Answer: 3
Explanation:
You want to use the Rydberg equation which is given by
[tex]E = -R_{H}(\frac{1}{n_{final}^2} - \frac{1}{n_{initial}^2})[/tex]
where [tex]R_H = 2.18 \, \cdot 10^{-18} J[/tex].
We are however given the wavelength instead of energy, and so we need to represent E in terms of its wavelength, and so we use [tex]E = \frac{hc}{\lambda}[/tex]. Remember that λ must be in meters in this formula. So we can divide 1284 nm by [tex]10^9[/tex] to get the wavelength in meters. This gives [tex]\lambda = 1.284 \, \cdot 10^{-6}[/tex] meters.
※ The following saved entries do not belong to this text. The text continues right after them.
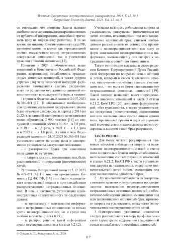 Внесение в 2020 г. изменений в Конституцию Российской Федерации [9] позволило на общегосударственном уровне установить положения о незыблемости традиционных семейных ценностей (п. «в» ч. 1 ст. 114) и защите института брака как союза мужчины и женщины (п. «ж» ч. 1 ст. 72).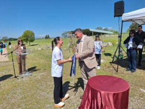 Ο κ. Φουντουκίδης ευχαρίστησε θερμά όλους τους φορείς, εργαζόμενους και υπηρεσίες του Δήμου Πέλλας, την Εφορεία Αρχαιοτήτων, το Τμήμα Τροχαίας, τους εκπαιδευτικούς, τους μαθητές και τους εθελοντές, ευχόμενος καλό ταξίδι στο σύμβολο της Ειρήνης που ξεκινά από την Πέλλα και στέλνει παντού τις αξίες του Πολιτισμού, με μηνύματα Ειρήνης και συναδέλφωσης των λαών, όπως υπογράμμισε χαρακτηριστικά.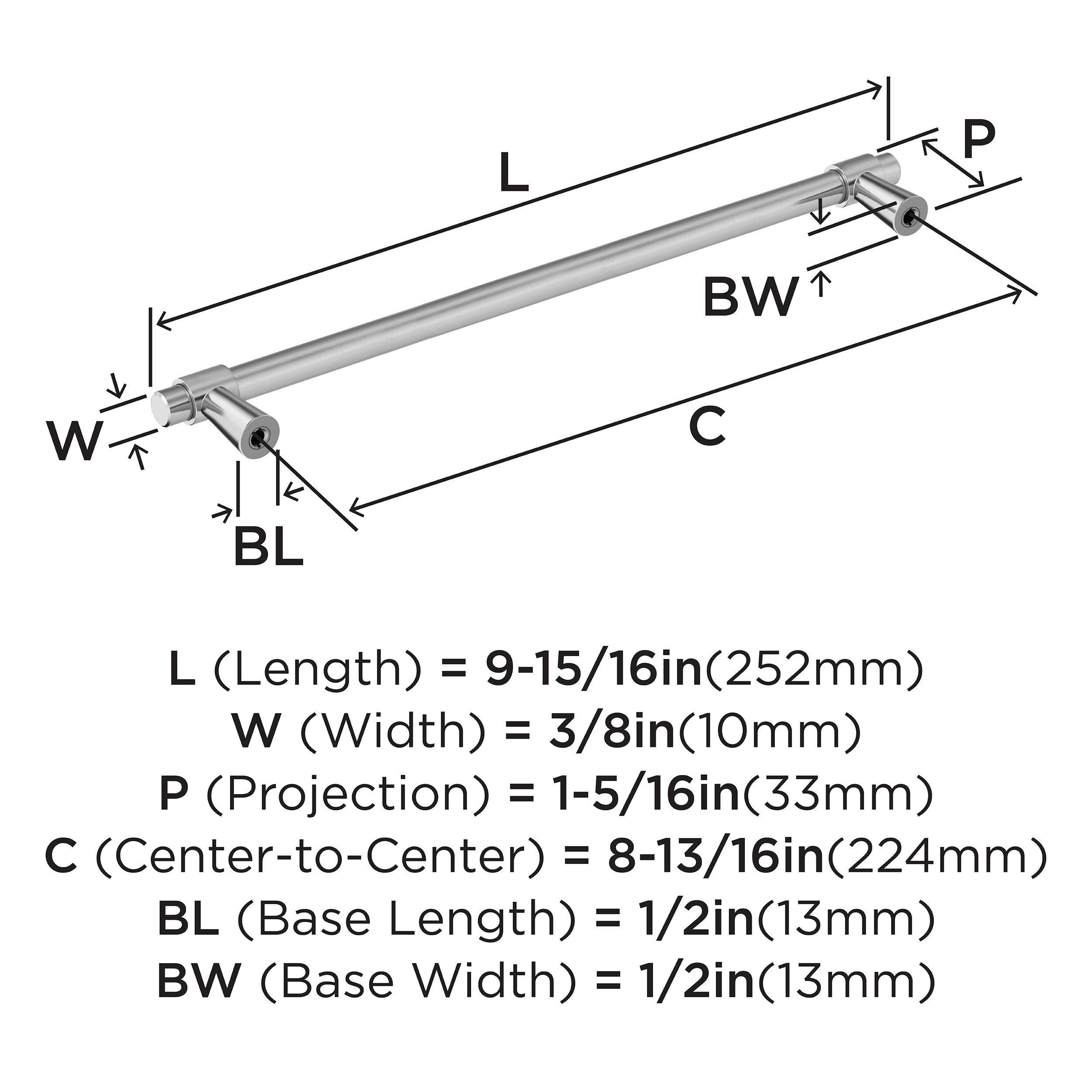 The Amerock Destine 8-13/16 in. Center-to-Center Polished Chrome Cabinet Pull is finished in polished chrome polished. With its minimalistic forms, the Destine collection imparts mid-century modern flair to any décor with its streamlined, assembled design.

Putting this all together we have
[tex]\frac{hc}{\lambda} = -R_{H}(\frac{1}{n_{final}^2} - \frac{1}{n_{initial}^2})[/tex]
where
[tex]h = 6.626 \cdot 10^{-34} J\cdot s\\c = 2.998 \cdot 10^{8}\, m/s\\\lambda = 1.284 \cdot 10^{-6}\, m\\R_H = 2.18 \, \cdot 10^{-18} J\\n_{initial} = 5\\n_{final} = \, ?[/tex]
If we plug in everything we should get roughly [tex]n_f = 3.00194[/tex] but remember that orbitals must be a whole number and so you would round to the closest integer which gives [tex]n_f = 3.[/tex]